295. Find Median from Data Stream
Problem Description
The MedianFinder
class is designed to find the median of a data stream. The median is the middle value in an ordered integer list. If the size of the list is even, there is no middle value, and the median is the mean of the two middle values.
- Implement the MedianFinder class:
MedianFinder()
initializes the MedianFinder object.void addNum(int num)
adds the integer num from the data stream to the data structure.double findMedian()
returns the median of all elements so far. Answers within 10⁻⁵ of the actual answer will be accepted.
Example 1:
Input
["MedianFinder", "addNum", "addNum", "findMedian", "addNum", "findMedian"]
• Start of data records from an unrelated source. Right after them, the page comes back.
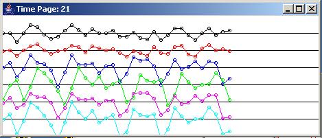 Each page displays six different sampled time series plotted horizontally with time increasing from left to right. (At this point, I will start referring to the sampled time series as traces.)
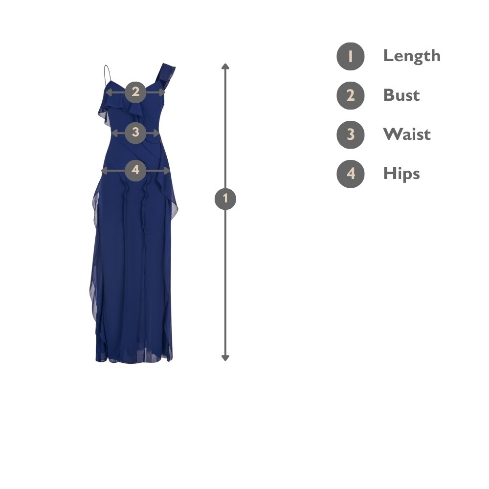 Liora Padded Asymmetrical Frill Maxi Dress in Royal Blue
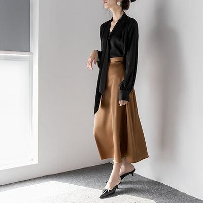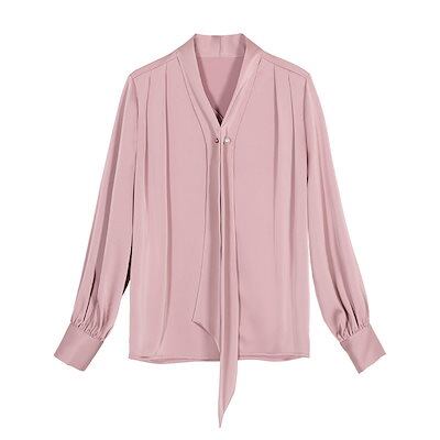 サテンリボン襟長袖シャツレディースシンプル通勤シャツレディース
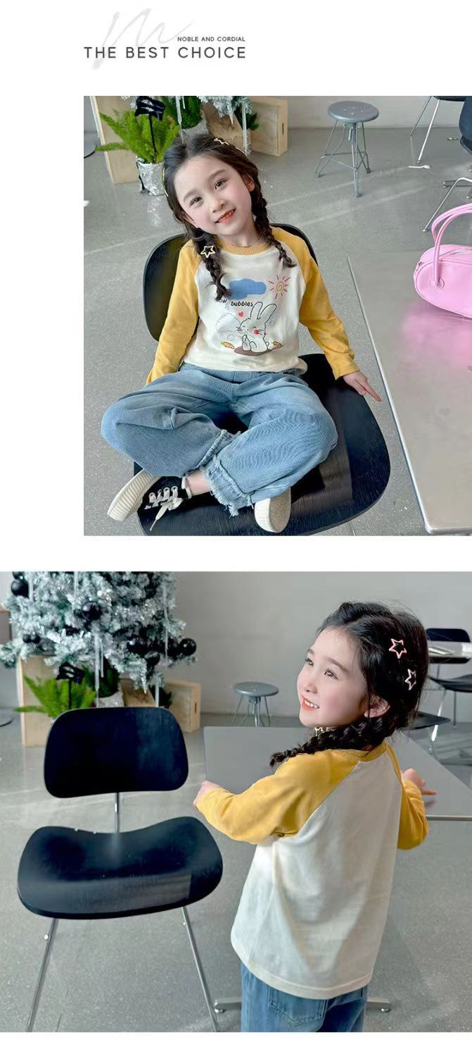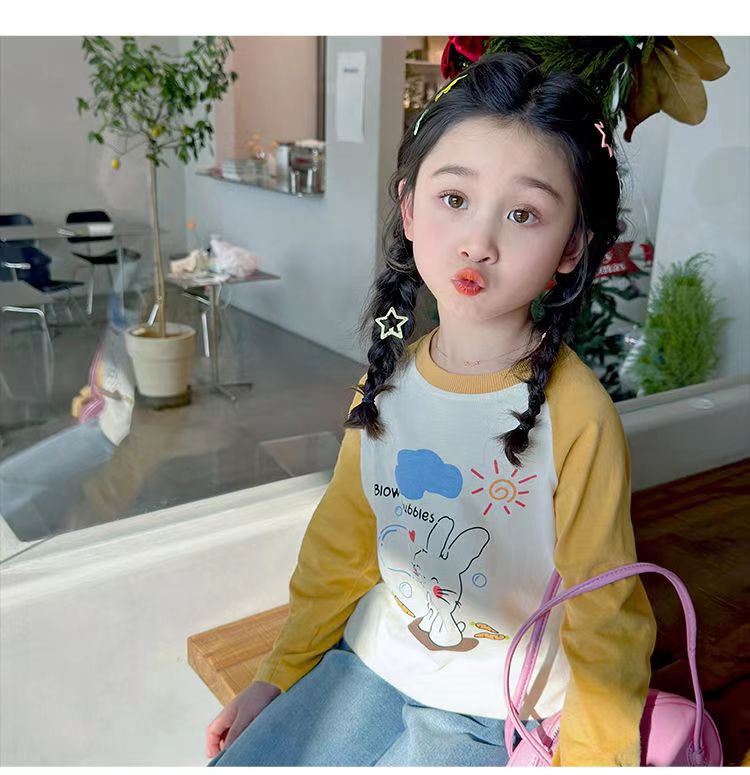 2024 새로운 소녀 가을 새 라글란 소매 긴 티셔츠 아기 만화 귀여운 캐주얼 베이스 탑스토어 가기
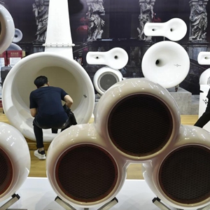 11月6日,参会者在第四届进博会展馆里的意大利PEQUOD公司展位参观音响设备。PEQUOD公司首次参展进博会。(新华社记者鲁鹏摄)
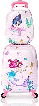 VLIVE Kid Luggage w/Wheels for Girls, Toddler Rolling 16in Suitcase w/12in Backpack, Girl Travel Carry-on(Mermaid)
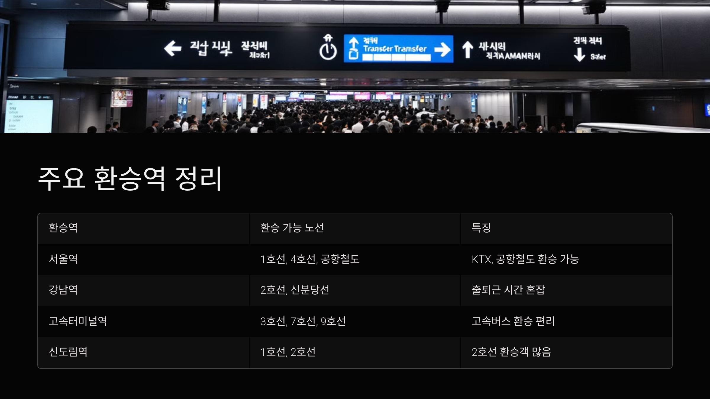 | 서울역 | 1호선, 4호선, 공항철도 | KTX, 공항철도 환승 가능 |
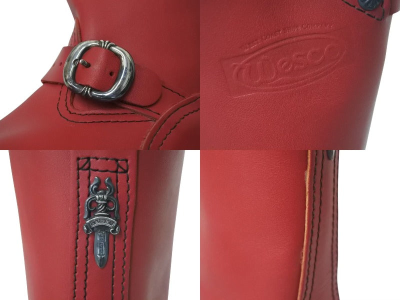 極美品 CHROME HEARTS クロムハーツ エンジニアブーツ WESCOコラボ ガンスリンガー サイズS レッド 中古 4c073430
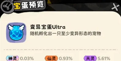 6、宝蛋分为三种,正常宝蛋是显示什么形态只能开到什么形态的宠物。宝蛋Pro为当前冒险关卡的宝蛋,21之后可以开出天灵,31之后可以开出仙灵,51之后可以开出神灵。宝蛋Ultra为冒险80关宝蛋,一般只能充值获取。

[[], [1], [2], [], [3], []]
Output
[null, null, null, 1.5, null, 2.0]
Explanation
MedianFinder medianFinder = new MedianFinder();
medianFinder.addNum(1); // arr = [1]
medianFinder.addNum(2); // arr = [1, 2]
medianFinder.findMedian(); // return 1.5 (i.e., (1 + 2) / 2)
medianFinder.addNum(3); // arr[1, 2, 3]
medianFinder.findMedian(); // return 2.0
Constraints:
-10⁵ <= num <= 10⁵
- There will be at least one element in the data structure before calling
findMedian
. - At most
5 * 10⁴
calls will be made toaddNum
andfindMedian
.
Follow up:
- If all integer numbers from the stream are in the range [0, 100], how would you optimize your solution?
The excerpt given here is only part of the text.